4.2 Sensitivity of Life Expectancy

The sensitivity of the vector of life expectancy as a function of age is obtained by differentiating (4.21),

$$\displaystyle \begin{aligned} d \boldsymbol{\eta}_1^{\mathsf{T}} = {\mathbf{1}}^{\mathsf{T}} (d {\mathbf{N}}) \end{aligned} $$
(4.30)

Applying the vec operator and Roth’s theorem (2.13) gives

$$\displaystyle \begin{aligned} \begin{array}{rcl} d \boldsymbol{\eta}_1 &\displaystyle =&\displaystyle \left( {\mathbf{I}} \otimes {\mathbf{1}}^{\mathsf{T}} \right) d \mbox{vec} \, {\mathbf{N}} \end{array} \end{aligned} $$
(4.31)
$$\displaystyle \begin{aligned} \begin{array}{rcl} &\displaystyle =&\displaystyle \left( {\mathbf{I}} \otimes {\mathbf{1}}^{\mathsf{T}} \right) \left( {\mathbf{N}}^{\mathsf{T}} \otimes {\mathbf{N}} \right) d \mbox{vec} \, {\mathbf{U}} \end{array} \end{aligned} $$
(4.32)
$$\displaystyle \begin{aligned} \begin{array}{rcl} &\displaystyle =&\displaystyle \left( {\mathbf{N}}^{\mathsf{T}} \otimes \boldsymbol{\eta}_1^{\mathsf{T}} \right) d \mbox{vec} \, {\mathbf{U}} . {} \end{array} \end{aligned} $$
(4.33)

The last step uses the fact that (A ⊗B)(C ⊗D) = (AC ⊗BD).

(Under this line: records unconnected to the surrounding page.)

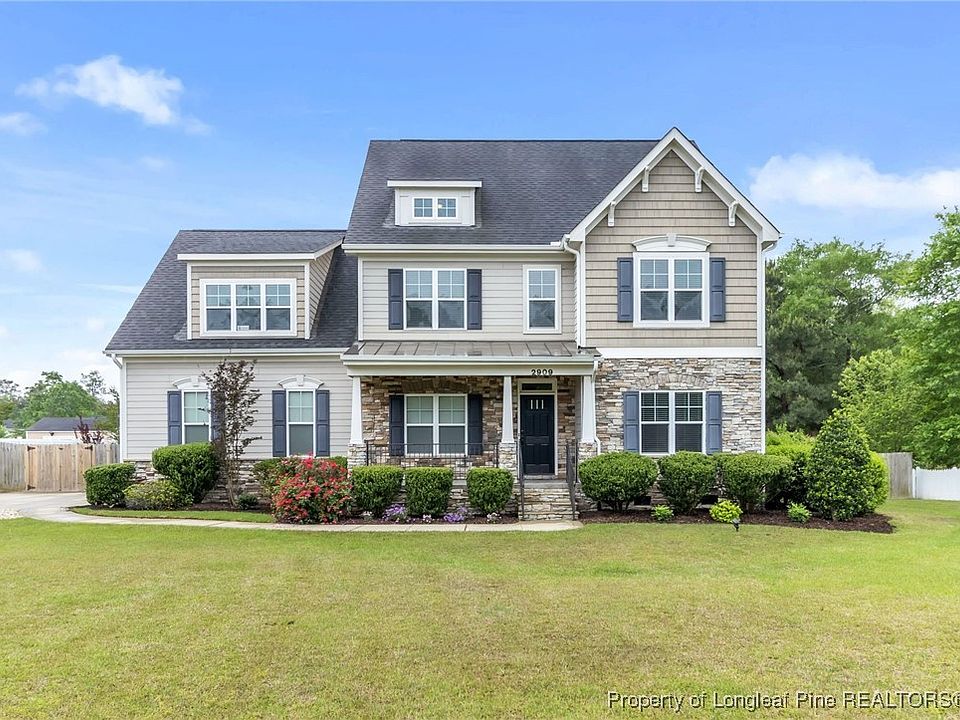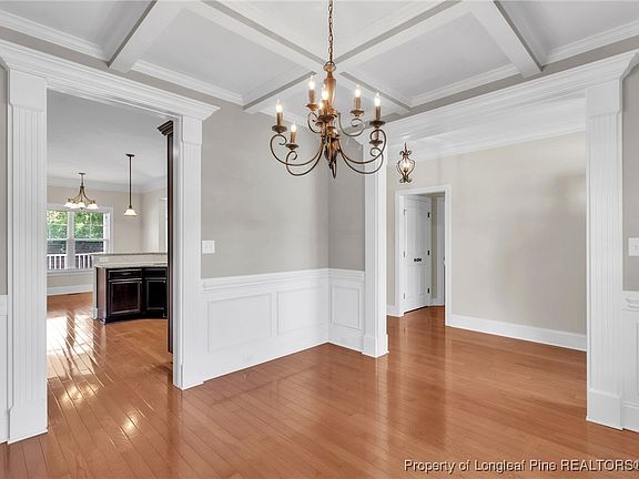 STUNNING EXECUTIVE HOME in Jack Britt School District! With 4-bedrooms, a spacious Bonus Room and 3-baths, it is a must see! The first floor features a Bedroom/In-law suite with hardwood floors, full bath, dining room with coffered ceilings and wainscoting, Great Room with crown moldings, gas fireplace, and 10 ft ceilings throughout. The Kitchen features peninsula bar and granite countertops throughout, stainless-steel appliances including a double oven, garbage disposal, and beautiful custom cabinets. Second floor features the primary suite with vaulted ceilings and large double vanity bathroom with shower, whirlpool tub, and walk-in closet. The remaining bedrooms are also on the second floor with the laundry area. The screened-in back porch overlooks the large, private fenced yard and patio area. Neighborhood amenities include a pergola perfect for events and Lake Upchurch access. Easy access to Fort Bragg with the coming completion of the 295 By-pass.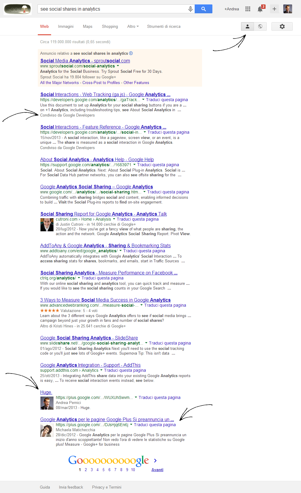 Per ora non posso che consigliarvi nuovamente di leggere la voce Social Search sul Wiki e di dare uno sguardo alle slide su Google+ che avevo portato ad una lezione per l’Università di Bologna oltre a quelle che Giorgio ha portato ieri al BTO.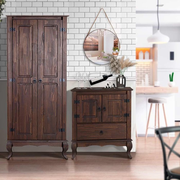 Dimensões da Cristaleira: Largura 80cm; Profundidade 36cm; Altura 175,8cm.Dimensões do Aparador: Largura 80cm; Profundidade 36cm; Altura 84,9cm.Itens Inclusos: 1 cristaleira 1 aparador.- Madeira maciça- Possui pés com design diferenciado estilo Luis XV (também conhecido como pés cabriolet, ou pés de cabra) que dão ao móvel um visual retrô chique- Ambos possuem 02 portas com dobradiças metálicas- Puxadores em metal com design retrô- Cristaleira com 04 divisórias para melhor organização de seus objetos- Aparador com 01 gavetaComplexidade da montagem: Média, pode ser montado por apenas uma pessoa e/ou necessite de maior conhecimento para montagem.Recomendações de uso, manutenção e limpeza: Limpar com flanela ou pano macio seco, não utilizar produtos abrasivos, desengordurantes, álcool ou solvente. Não expor o produto diretamente à luz solar e à umidadeGarantia: 3 mesesOBS: Foto meramente ilustrativa, objetos, utensílios e decoração não fazem parte do produto.
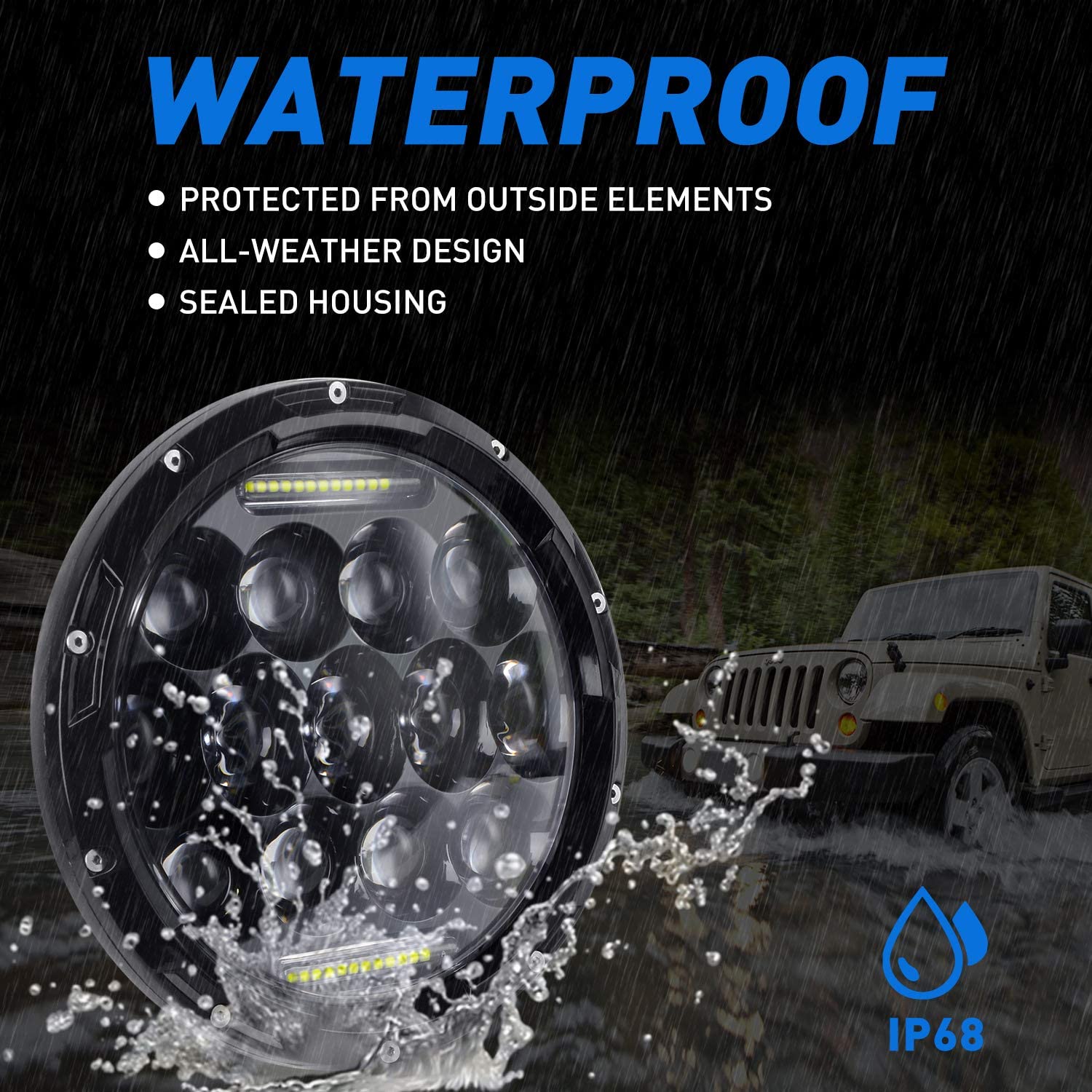 • High Performance TJ LED HeadLights: 75W 7 inch round LED headLights with 7500lm high beam and 5500lm low beam at 6000K for each headLight, above 5000 hours lifespan.

Applying the chain rule and the first identification theorem gives the result

$$\displaystyle \begin{aligned} {d \boldsymbol{\eta}_1 \over d \boldsymbol{\theta}^{\mathsf{T}}} = \left( {\mathbf{N}}^{\mathsf{T}} \otimes \boldsymbol{\eta}_1^{\mathsf{T}} \right) {d \mbox{vec} \, {\mathbf{U}} \over d \boldsymbol{\theta}^{\mathsf{T}}} {} \end{aligned} $$
(4.34)

Sensitivity to mortality

If interest focuses on changes in age-specific mortality, so that θ = μ, then the sensitivity formula expands, using the chain rule, to

$$\displaystyle \begin{aligned} {d \boldsymbol{\eta}_1 \over d \boldsymbol{\mu}^{\mathsf{T}}} = \left( {\mathbf{N}}^{\mathsf{T}} \otimes \boldsymbol{\eta}_1^{\mathsf{T}} \right) {d \mbox{vec} \, {\mathbf{U}} \over d \boldsymbol{\mu}^{\mathsf{T}}} \end{aligned} $$
(4.35)

This can be evaluated in several ways, depending on how the matrix U is written as a function of mortality. One approach is used in Sect. 4.4.3, and a somewhat more widely useful approach in Sect. 4.4.4.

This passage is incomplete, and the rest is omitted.